Chra is the alias of Austrian musician Christina Nemec. Recorded in Vienna, Waldviertel, Crete, on planes and in cemeteries, Nemec’s music constantly shifts in the air, inverting and turning in on itself. Overdrive froths up and threatens to consume the speakers, and what sounds like a distorted tornado whirls around ‘Vicious Water Regimes’, creating a powerful vortex.

Raging and vengeful, its heartbeat racing due to live currents of tension and anxiety, Seamans is dark and inescapable electronic music. Like the truth, the strangled melodies are muffled and suppressed, voices longing for coherency but being repressed by government agencies or forces high on power, changing, editing, and adapting the original message to suit their version of events. The voice can’t converse or articulate anything save from a series of choking blips and stutters; their potential drags and lags behind and the electronics suffocate.

The music does nothing to encourage the stuttering or its current state of suffering, but neither does it push it away. In that sense, the music is complicit in the feeling of growing unease and the subsequent fall. A submerged voice becomes trapped underwater, and echoing bubbles of sound rise up to the surface.
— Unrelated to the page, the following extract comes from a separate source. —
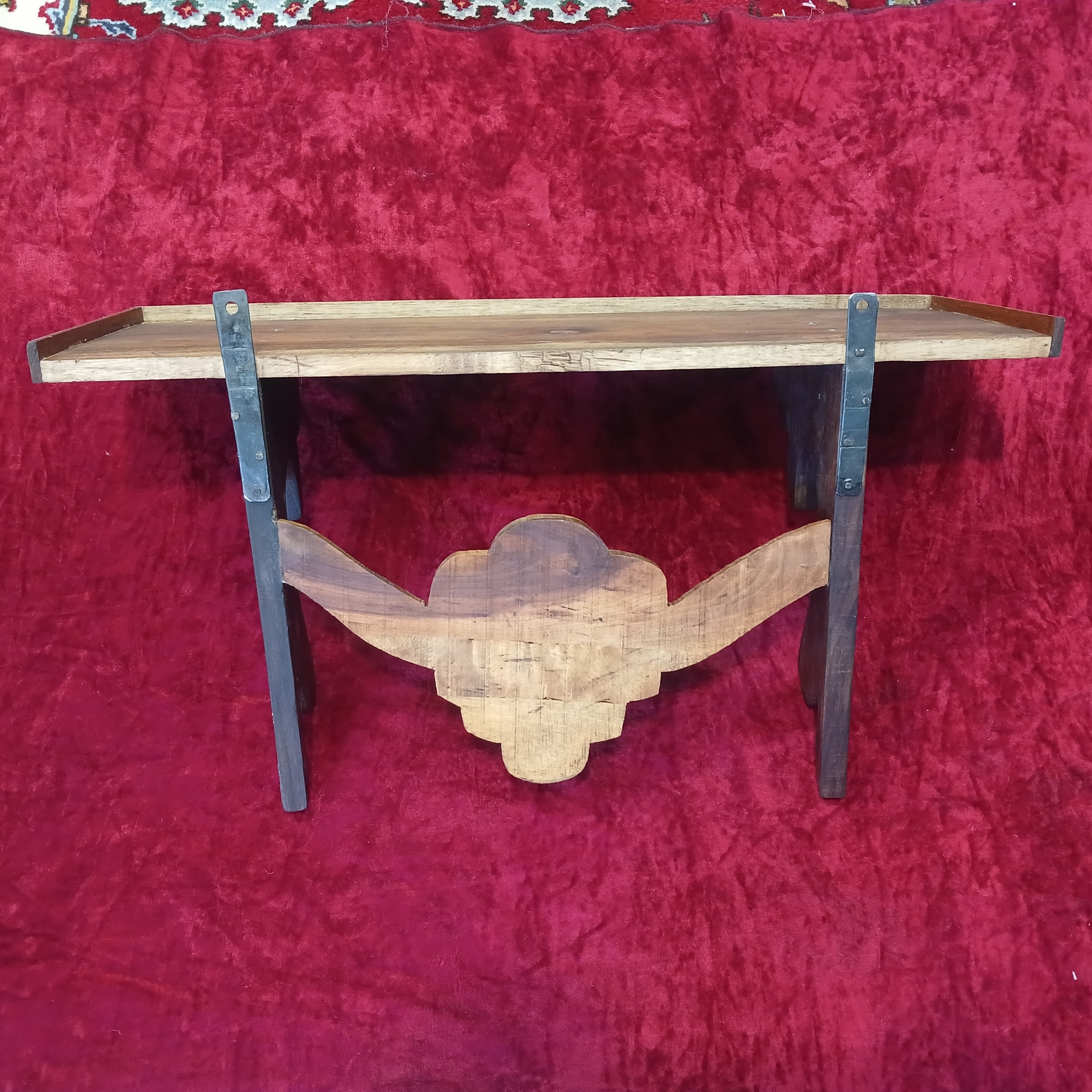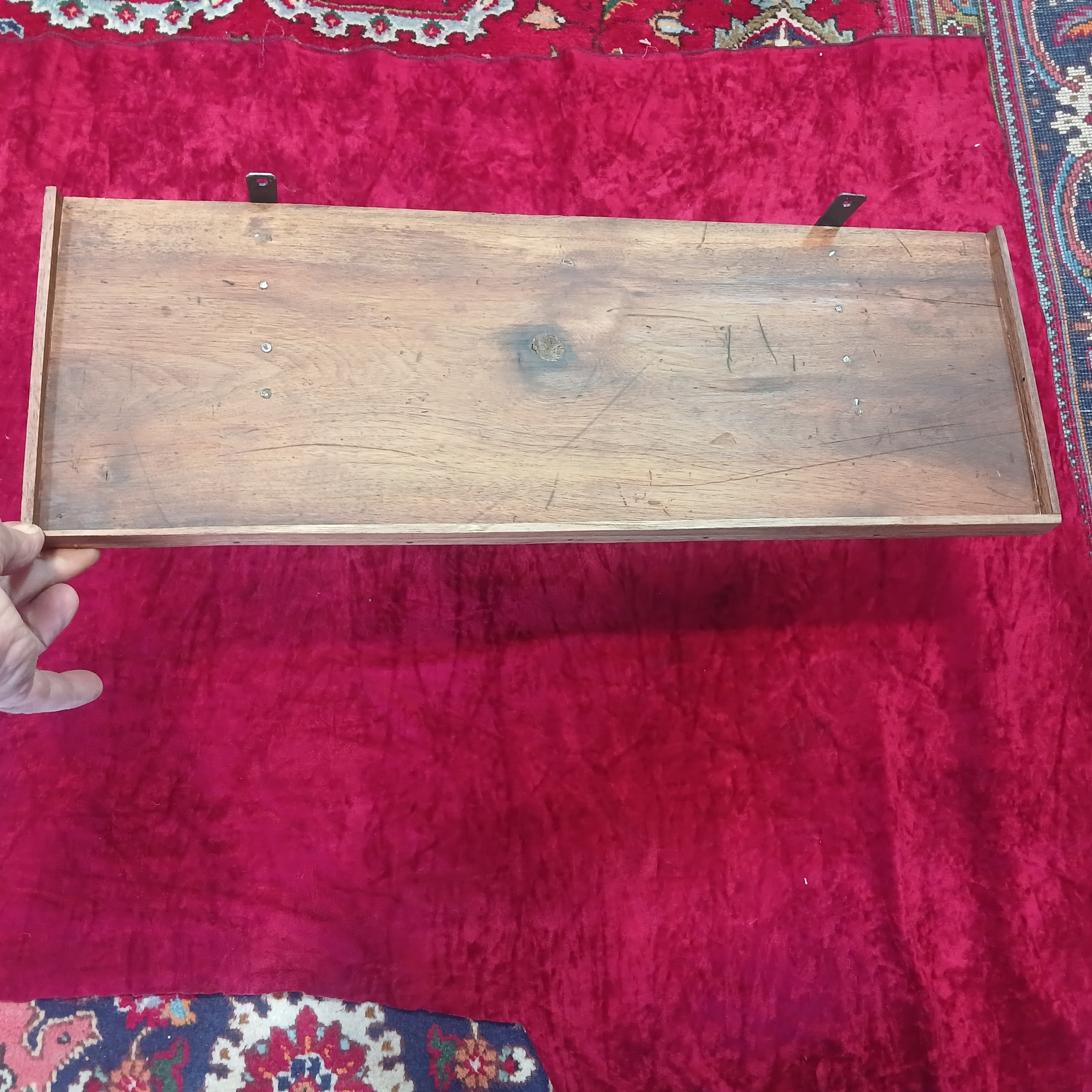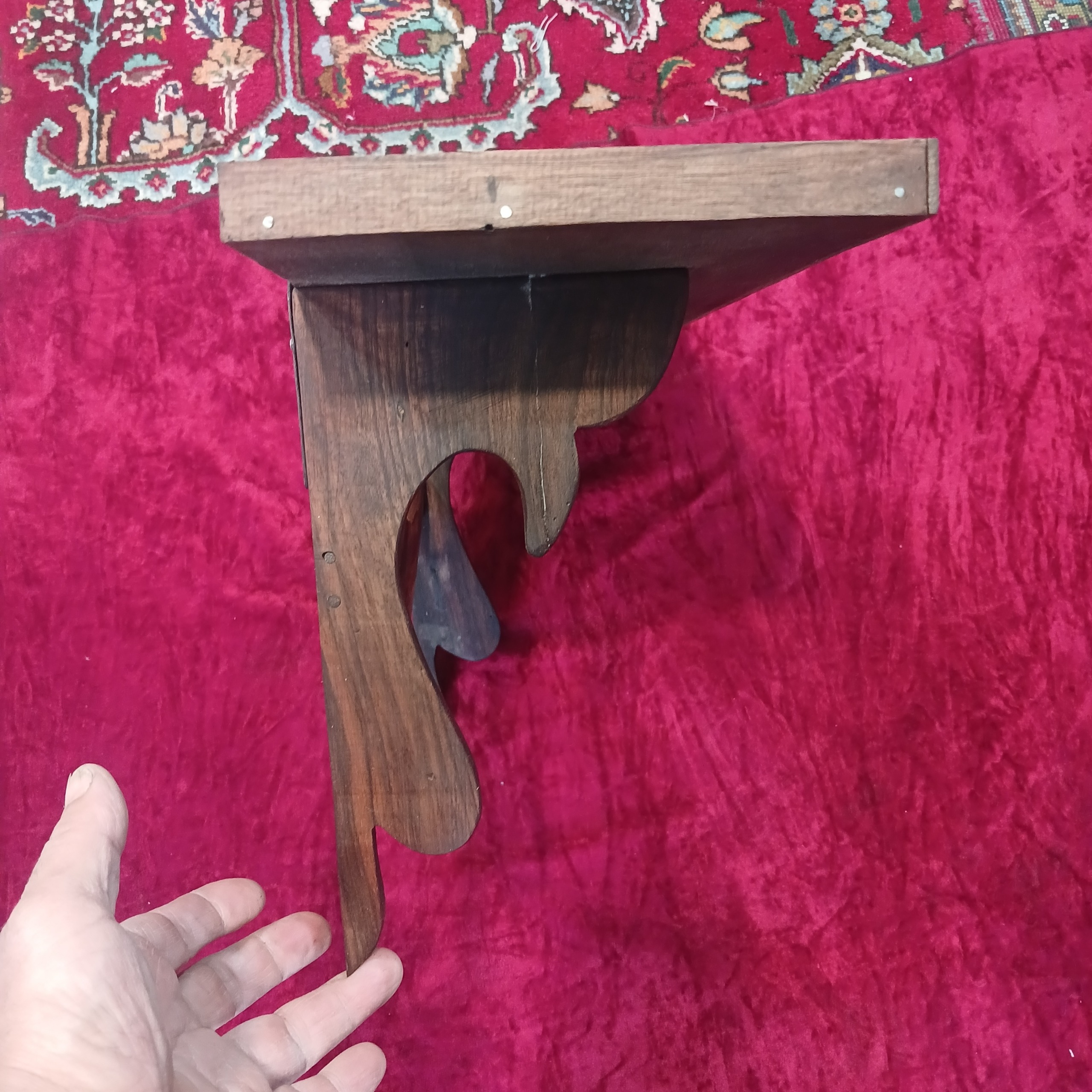 طاقچه چوبی دست سازقابل استفاده کلکسیونی ساخته شده از چوب گردو مناسب برای خانههای قدیمی و تاریخی کار نجار مراغه اندازه 51 ×18 و ارتفاع 25 سانت، یه طاقچه پرکار و مرتب و منظم و تمیز.

The music escapes from any kind of rhythmic regularity so that it feels suspended in an electronic ether.

‘Let Sharks Sleep’ has a demented melody that slips and slides around in a helter-skelter, unbalanced way, its tones appearing deranged and almost hysterical with plenty of warbling pitch-shifts and recurring loops. ‘Widow Walks’ is similarly dark and haunted. The sounds are incomplete, ghostly reminders of something that has fallen apart. Both progressive and regressive, Seamans is music of engagement and suppression.